### Your goal
Would you give the listing again exactly, without its images?
═══ Data section
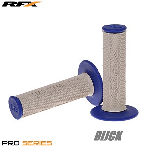 RFX Pro Series Dual Compound Grips Blue Ends (Blue/Grey)Product DescriptionRFX Grips are manufactured from high spec synthetic Kraton Polymer and feature the vibration reduction benefits and stickiness of natural rubber but resist damage caused by sunlight and chemicals that occur with natural rubber.RFX Grips feature a dual density design which allows for an external 60 SA compound that is more durable and resists crash damage. Yet has a soft centre 25 SA compound grip area for the best vibration resistance and comfort available.RFX Grips use the industry standard half waffle design with a level RFX Logo on the palm, this upper diamond and lower waffle design gives the best combination of palm area comfort and lower grip for muddy conditions. Dual Density Grip Features- Made using high spec synthetic Kraton Polymer for the ultimate sticky grip.- Dual Compound tool design allows for the best combination of compounds.- 25 SA centre compound improves comfort and reduces vibration.- 60 SA end compound improves crash damage resistance.- Half Waffle design gives the best combination of grip and comfort.- Smooth diamond pattern and level RFX logo on the palm area offer excellent grip without sacrificing comfort and causing blisters.- Waffle design on the finger area gives the best grip available for muddy conditions- Available in 26 colour combinations.- Packaged in pairs for use with right hand twist throttle machines.Handvaten Handvatten Grips
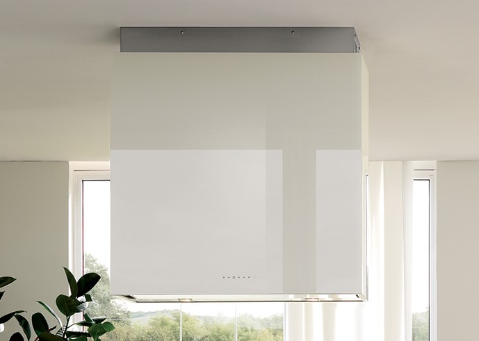Okap bezsilnikowy w wersji wyspowej, odpowiedni do połączenia z wentylatorem dachowym VILPE i działania w systemie Cichej Kuchni.
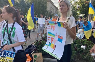 «Ми сьогодні пришли ознаменувати цю дату, шість місяців війни. Молдавські активісти принесли цілий пакет бавовни, ми виготовили її самі і її сьогодні «покладаємо» до російського посольства. Люди обурені й люті, що вже пів року ні за що вбивають українців, мирних жителів, а Україну розривають на частини. Ми чекаємо, коли це зупиниться. Ще сьогодні, в День Незалежності, ми вирішили пройти маршем до парламенту в Кишиневі й там ми співатимемо українські пісні, хвилиною мовчання згадаємо загиблих і трохи святкуватимемо День Незалежності України», – розповіла активістка та одна з організаторів заходу Діана.
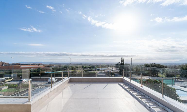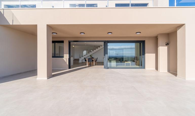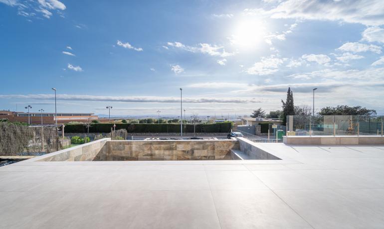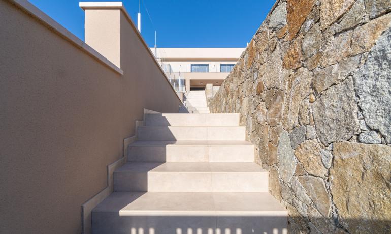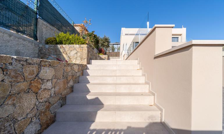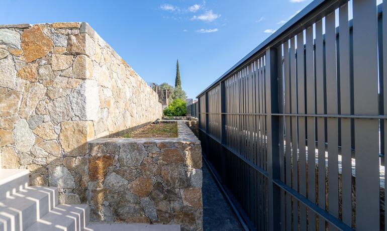 La planta baja le ofrece un diáfano salón – comedor y cocina americana, además de un dormitorio con baño en suite y vestidor. Desde este espacio tenemos acceso a la terraza posterior de la finca, con muros de contención decorados con piedra natural. También se accede a la terraza frontal principal, con una preinstalación para la barbacoa en la parte de la terraza cubierta (22m), y al resto de la terraza que da acceso a la piscina estilo infinity de 6.5m x 4m con vistas despejadas.
══════
### Finished task
 RFX Pro Series Dual Compound Grips Blue Ends (Blue/Grey)Product DescriptionRFX Grips are manufactured from high spec synthetic Kraton Polymer and feature the vibration reduction benefits and stickiness of natural rubber but resist damage caused by sunlight and chemicals that occur with natural rubber.RFX Grips feature a dual density design which allows for an external 60 SA compound that is more durable and resists crash damage. Yet has a soft centre 25 SA compound grip area for the best vibration resistance and comfort available.RFX Grips use the industry standard half waffle design with a level RFX Logo on the palm, this upper diamond and lower waffle design gives the best combination of palm area comfort and lower grip for muddy conditions. Dual Density Grip Features- Made using high spec synthetic Kraton Polymer for the ultimate sticky grip.- Dual Compound tool design allows for the best combination of compounds.- 25 SA centre compound improves comfort and reduces vibration.- 60 SA end compound improves crash damage resistance.- Half Waffle design gives the best combination of grip and comfort.- Smooth diamond pattern and level RFX logo on the palm area offer excellent grip without sacrificing comfort and causing blisters.- Waffle design on the finger area gives the best grip available for muddy conditions- Available in 26 colour combinations.- Packaged in pairs for use with right hand twist throttle machines.Handvaten Handvatten Grips
Okap bezsilnikowy w wersji wyspowej, odpowiedni do połączenia z wentylatorem dachowym VILPE i działania w systemie Cichej Kuchni.
 «Ми сьогодні пришли ознаменувати цю дату, шість місяців війни. Молдавські активісти принесли цілий пакет бавовни, ми виготовили її самі і її сьогодні «покладаємо» до російського посольства. Люди обурені й люті, що вже пів року ні за що вбивають українців, мирних жителів, а Україну розривають на частини. Ми чекаємо, коли це зупиниться. Ще сьогодні, в День Незалежності, ми вирішили пройти маршем до парламенту в Кишиневі й там ми співатимемо українські пісні, хвилиною мовчання згадаємо загиблих і трохи святкуватимемо День Незалежності України», – розповіла активістка та одна з організаторів заходу Діана.
 La planta baja le ofrece un diáfano salón – comedor y cocina americana, además de un dormitorio con baño en suite y vestidor. Desde este espacio tenemos acceso a la terraza posterior de la finca, con muros de contención decorados con piedra natural. También se accede a la terraza frontal principal, con una preinstalación para la barbacoa en la parte de la terraza cubierta (22m), y al resto de la terraza que da acceso a la piscina estilo infinity de 6.5m x 4m con vistas despejadas.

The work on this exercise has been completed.